You can get KNK and ACS Studio to cut your shapes any in order you wish. The feature has always been available. In the cut preview window, click on the red icon and then select either Horizontal or Vertical. Check the box to display the order and then you'll see what Kevin shows in his screen shot in the opening post of this thread. Note that you can also choose the cut order in other ways, but most of the time, users are happy with either vertical or horizontal. More about this is covered in Section 4.6 of the KNK and ACS user manuals.


----------



## dan-ann (Oct 25, 2007)

Thanks Sandy I never knew this with acs and knk maxx. I often wondered why mine cut all over the place . Just goes to show I learn something new every day. I love my maxx it cuts so well and now I am sure it do so faster


----------



## BlingItOn (May 29, 2008)

SandyMcC said:


> You can get KNK and ACS Studio to cut your shapes any in order you wish. The feature has always been available. In the cut preview window, click on the red icon and then select either Horizontal or Vertical. Check the box to display the order and then you'll see what Kevin shows in his screen shot in the opening post of this thread. Note that you can also choose the cut order in other ways, but most of the time, users are happy with either vertical or horizontal. More about this is covered in Section 4.6 of the KNK and ACS user manuals.

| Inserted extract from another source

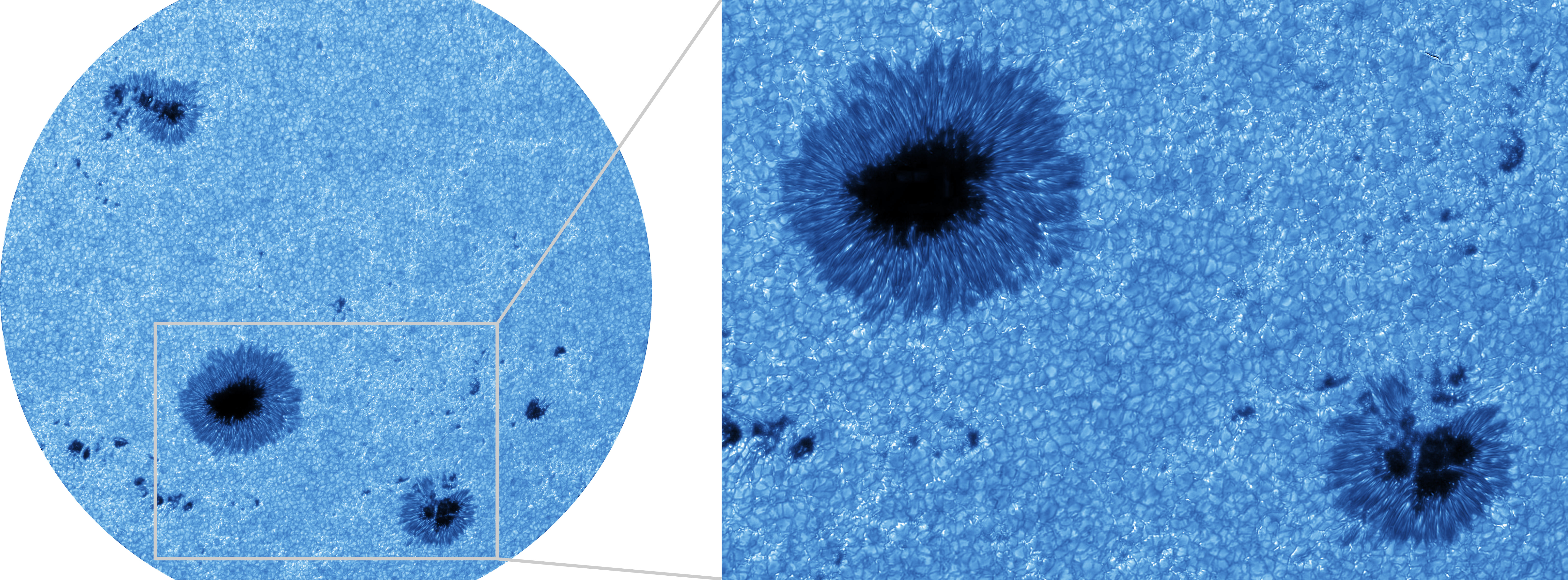 Die neuen Aufnahmen zeigen Bereiche, die etwa 1/7 des Sonnendurchmessers, also rund 200.000 km, entsprechen. Dadurch ist es möglich, auch großräumige Strukturen der aktiven Sonne wie Plasmaströme und Sonnenfleckengruppen zu beobachten. Großteleskope liefern im Vergleich dazu typischerweise nur Bildfelder von ca. 75.000 km Durchmesser. „Unsere Erwartungen an das Kamerasystem wurden auf Anhieb mehr als erfüllt,“ sagt Robert Kamlah, der das Projekt im Rahmen seiner Doktorarbeit am AIP und der Universität Potsdam durchführte. Die G-Band-Beobachtungen zeigten, wie die Sonnenflecken in die konvektiven Plasmabewegungen der Supergranulation eingebettet sind. Die nicht-radiale Ausrichtung und Verwindung der penumbralen Filamente offenbarte die komplexe Magnetfeldstruktur, die für drei große und viele kleine Strahlungsausbrüche in der aktiven Region verantwortlich war.

Thanks Sandy...I will have to try switching to the vertical or horizontal cut option and see if that solves the problem.

By the way....is there any new software coming out for the KNK MAXX cutters? I like some of the new fill features some of the other softwares have but I am very comfortable with what I am using and don't have the time to learn a new program.


----------



## dan-ann (Oct 25, 2007)

I just set my maxx to cut horizontal and cut and it did a much faster more organized cut. I went thru the acs manual when I first got it and was totally new so a lot of things did not mean much to me. I think I need to go back thru it again now that i am more familar with stoning and cutting


----------



## SandyMcC (Jul 23, 2009)

BlingItOn said:


> Thanks Sandy...I will have to try switching to the vertical or horizontal cut option and see if that solves the problem.
> 
> By the way....is there any new software coming out for the KNK MAXX cutters? I like some of the new fill features some of the other softwares have but I am very comfortable with what I am using and don't have the time to learn a new program.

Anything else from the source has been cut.